33.5 Quarks: is that all there is?  (Page 7/20)

Explain how the weak force can change strangeness by changing quark flavor.

Beta decay is caused by the weak force, as are all reactions in which strangeness changes. Does this imply that the weak force can change quark flavor? Explain.

Why is it easier to see the properties of the c , b , and t quarks in mesons having composition $W^{-}$ or $t\stackrel{-}{t}$ rather than in baryons having a mixture of quarks, such as udb ?

How can quarks, which are fermions, combine to form bosons? Why must an even number combine to form a boson? Give one example by stating the quark substructure of a boson.

What evidence is cited to support the contention that the gluon force between quarks is greater than the strong nuclear force between hadrons? How is this related to color? Is it also related to quark confinement?

Discuss how we know that $\pi \text{-mesons}$ ( ${\pi }^{+},\pi ,{\pi }^0$ ) are not fundamental particles and are not the basic carriers of the strong force.

An antibaryon has three antiquarks with colors $\stackrel{-}{R}\stackrel{-}{G}\stackrel{-}{B}$ . What is its color?

Suppose leptons are created in a reaction. Does this imply the weak force is acting? (for example, consider $\beta$ decay.)
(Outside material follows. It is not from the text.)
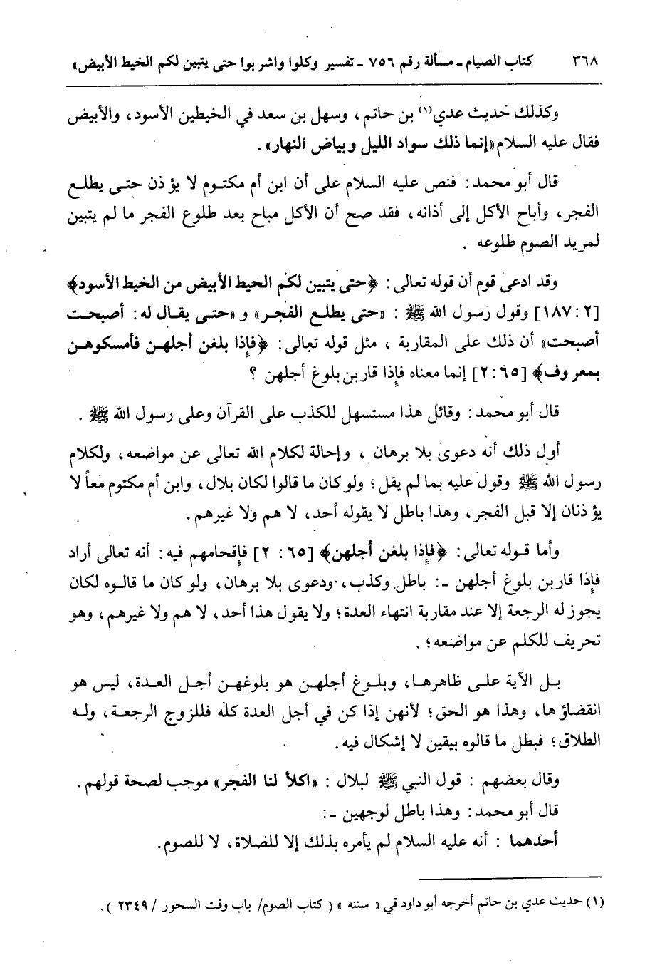 وَكَذَلِكَ حَدِيثُ عَدِيِّ بْنِ حَاتِمٍ، وَسَهْلِ بْنِ سَعْدٍ فِي الْخَيْطَيْنِ الْأَسْوَدِ، وَالْأَبْيَضِ فَقَالَ - عَلَيْهِ السَّلَامُ - «إنَّمَا ذَلِكَ سَوَادُ اللَّيْلِ وَبَيَاضُ النَّهَارِ» . قَالَ أَبُو مُحَمَّدٍ: فَنَصَّ - عَلَيْهِ السَّلَامُ - عَلَى أَنَّ ابْنَ أُمِّ مَكْتُومٍ لَا يُؤَذِّنُ حَتَّى يَطْلُعَ الْفَجْرُ، وَأَبَاحَ الْأَكْلَ إلَى أَذَانِهِ، فَقَدْ صَحَّ أَنَّ الْأَكْلَ مُبَاحٌ بَعْدَ طُلُوعِ الْفَجْرِ مَا لَمْ يَتَبَيَّنْ لِمُرِيدِ الصَّوْمِ طُلُوعُهُ. وَقَدْ ادَّعَى قَوْمٌ أَنَّ قَوْله تَعَالَى: {حَتَّى يَتَبَيَّنَ لَكُمُ الْخَيْطُ الأَبْيَضُ مِنَ الْخَيْطِ الأَسْوَدِ} [البقرة: 187] وَقَوْلَ رَسُولِ اللَّهِ - صَلَّى اللَّهُ عَلَيْهِ وَآلِهِ وَسَلَّمَ -: «حَتَّى يَطْلُعَ الْفَجْرُ وَحَتَّى يُقَالَ لَهُ: أَصْبَحْتَ أَصْبَحْتَ» أَنَّ ذَلِكَ عَلَى الْمُقَارِبَةِ، مِثْلُ قَوْله تَعَالَى: {فَإِذَا بَلَغْنَ أَجَلَهُنَّ فَأَمْسِكُوهُنَّ بِمَعْرُوفٍ} [الطلاق: 2] إنَّمَا مَعْنَاهُ فَإِذَا قَارَبْنَ بُلُوغَ أَجَلِهِنَّ، قَالَ أَبُو مُحَمَّدٍ: وَقَائِلُ هَذَا مُسْتَسْهِلٌ لِلْكَذِبِ عَلَى الْقُرْآنِ وَعَلَى رَسُولِ اللَّهِ - صَلَّى اللَّهُ عَلَيْهِ وَآلِهِ وَسَلَّمَ -. أَوَّلُ ذَلِكَ أَنَّهُ دَعْوَى بِلَا بُرْهَانٍ، وَإِحَالَةٌ لِكَلَامِ اللَّهِ تَعَالَى عَنْ مَوَاضِعِهِ، وَلِكَلَامِ رَسُولِ اللَّهِ - صَلَّى اللَّهُ عَلَيْهِ وَآلِهِ وَسَلَّمَ - وَقَوْلٌ عَلَيْهِ بِمَا لَمْ يَقُلْ؛ وَلَوْ كَانَ مَا قَالُوا لَكَانَ بِلَالُ، وَابْنُ أُمِّ مَكْتُومٍ مَعًا لَا يُؤَذِّنَانِ إلَّا قَبْلَ الْفَجْرِ، وَهَذَا بَاطِلٌ لَا يَقُولُهُ أَحَدٌ، لَا هُمْ وَلَا غَيْرُهُمْ.

How can the lifetime of a particle indicate that its decay is caused by the strong nuclear force? How can a change in strangeness imply which force is responsible for a reaction? What does a change in quark flavor imply about the force that is responsible?

(a) Do all particles having strangeness also have at least one strange quark in them?

(b) Do all hadrons with a strange quark also have nonzero strangeness?

The sigma-zero particle decays mostly via the reaction ${\text{Σ}}^0\to {\text{Λ}}^0+\gamma$ . Explain how this decay and the respective quark compositions imply that the ${\text{Σ}}^0$ is an excited state of the ${\text{Λ}}^0$ .

What do the quark compositions and other quantum numbers imply about the relationships between the ${\text{Δ}}^{+}$ and the proton? The ${\text{Δ}}^0$ and the neutron?

Discuss the similarities and differences between the photon and the $Z^0$ in terms of particle properties, including forces felt.

Identify evidence for electroweak unification.

The quarks in a particle are confined, meaning individual quarks cannot be directly observed. Are gluons confined as well? Explain

(a) Verify from its quark composition that the ${\text{Δ}}^{+}$ particle could be an excited state of the proton.

(b) There is a spread of about 100 MeV in the decay energy of the ${\text{Δ}}^{+}$ , interpreted as uncertainty due to its short lifetime. What is its approximate lifetime?

(c) Does its decay proceed via the strong or weak force?

Accelerators such as the Triangle Universities Meson Facility (TRIUMF) in British Columbia produce secondary beams of pions by having an intense primary proton beam strike a target. Such “meson factories” have been used for many years to study the interaction of pions with nuclei and, hence, the strong nuclear force. One reaction that occurs is ${\pi }^{+}+p\to {\text{Δ}}^{\text{++}}\to {\pi }^{+}+p$ , where the ${\text{Δ}}^{\text{++}}$ is a very short-lived particle. The graph in [link] shows the probability of this reaction as a function of energy. The width of the bump is the uncertainty in energy due to the short lifetime of the ${\text{Δ}}^{\text{++}}$ .

(a) Find this lifetime.

(b) Verify from the quark composition of the particles that this reaction annihilates and then re-creates a d quark and a $\stackrel{-}{d}$ antiquark by writing the reaction and decay in terms of quarks.

(c) Draw a Feynman diagram of the production and decay of the ${\text{Δ}}^{\text{++}}$ showing the individual quarks involved.